DARK DOMINION

DARK DOMINION, 1947
DARK DOMINION, 1947

Dark Dominion is Marianne Hauser’s first English language novel, published in 1947 by Random House. She had been living in the United States for about ten years. It was described at the time as a Gothic novel. It is a novel of hallucination, memory and dreams, about a Swiss woman who comes to America and marries her psychiatrist. Narrated by her brother, who hopes to persuade her to return to Switzerland, it is indeed dark and perverse, a witty satire of psychoanalysis, and a serious meditation on the perils of repressed desire and illusion. It received mixed reviews at the time.

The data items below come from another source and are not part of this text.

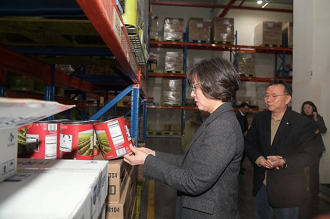 (서울=연합뉴스) 김유미 식품의약품안전처 차장이 23일 경기 이천시 CJ프레시웨이 물류센터를 방문해 수입 식품을 살펴보고 있다. 2024.1.23 [식품의약품안전처 제공. 재판매 및 DB 금지]
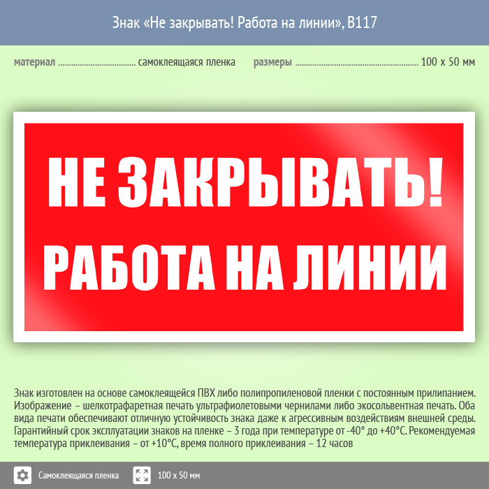 Знак «Не закрывать! Работа на линии», B117 (пленка, 100х50 мм) в Волгограде купить
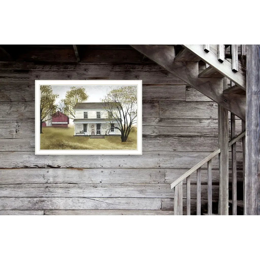 BJ105YYGP-704G "Summer Afternoon" a framed Giclee print by artist Billy Jacobs, in a stylish frame. This art features a vintage 2 story white clapboard house, with a couple wooden chairs on the front porch. A red barn and silo sit back to the left, behind a couple shade trees. This framed art is totally American made. The surface of the art is coated with a fade resistant texture which gives it a canvas-like appearance. No glass is necessary. Arrives ready to hang. About "Giclee prints": With giclee's the inks are actually sprayed into place similar to an ink jet printer. Even under a magnifier there seems to be no dots! Giclee's also use specially made inks with true light fast pigments. This ensures that the artwork you purchase will retain its color. Independent laboratories have rated the inks to be fade resistant to 115 years. The giclee is basically the best available.
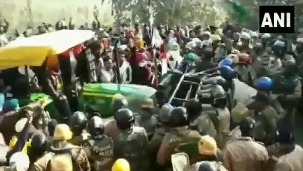 बैरिकेडिंग तोड़ते हुए आगे बढ़े किसान
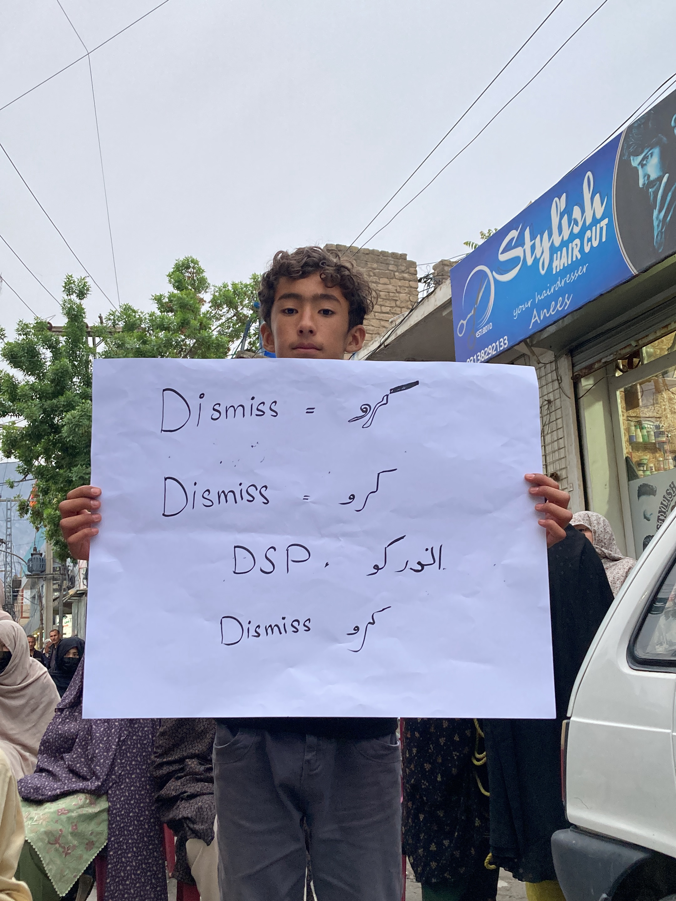 A young person is holding a sign that reads "Dismiss = Karo" in English and Urdu, followed by "Dismiss = Karo," then "DSP. Anwar ko," and finally "Dismiss Karo." The sign is being held amidst a group of people, some wearing traditional clothing. The background includes a building with a sign that reads "Stylish HAIR CUT - your hairdresser Anees" and a phone number. The scene appears to be an urban street or gathering in Pakistan.

Hauser wrote Dark Dominion at the suggestion of her editor and friend Coby Gilman, a brilliant, erudite alcoholic who was legendary in 1930’s literary circles. He is now only known through the diaries and letters of his close friend, Dawn Powell. She wrote it mostly while traveling with her husband, Fred Kirchberger, through the American south, where he was stationed during World War 2 as a German language specialist. Kirchberger fled Germany in 1938 when he was unable to perform a recital in Berlin, due to his mother being Jewish. Hauser wrote articles, book reviews and short stories, and lectured to church groups about the rise of Hitler and threat of fascism. Her son, Michael Kirchberger, was born in 1945. Marguerite Young, author of Miss Macintosh My Darling and a number of other works, was his godmother. At this time she also met Ruth Stephan, Mari Sandoz and Anais Nin, all of whom were in New York from the late thirties or early forties.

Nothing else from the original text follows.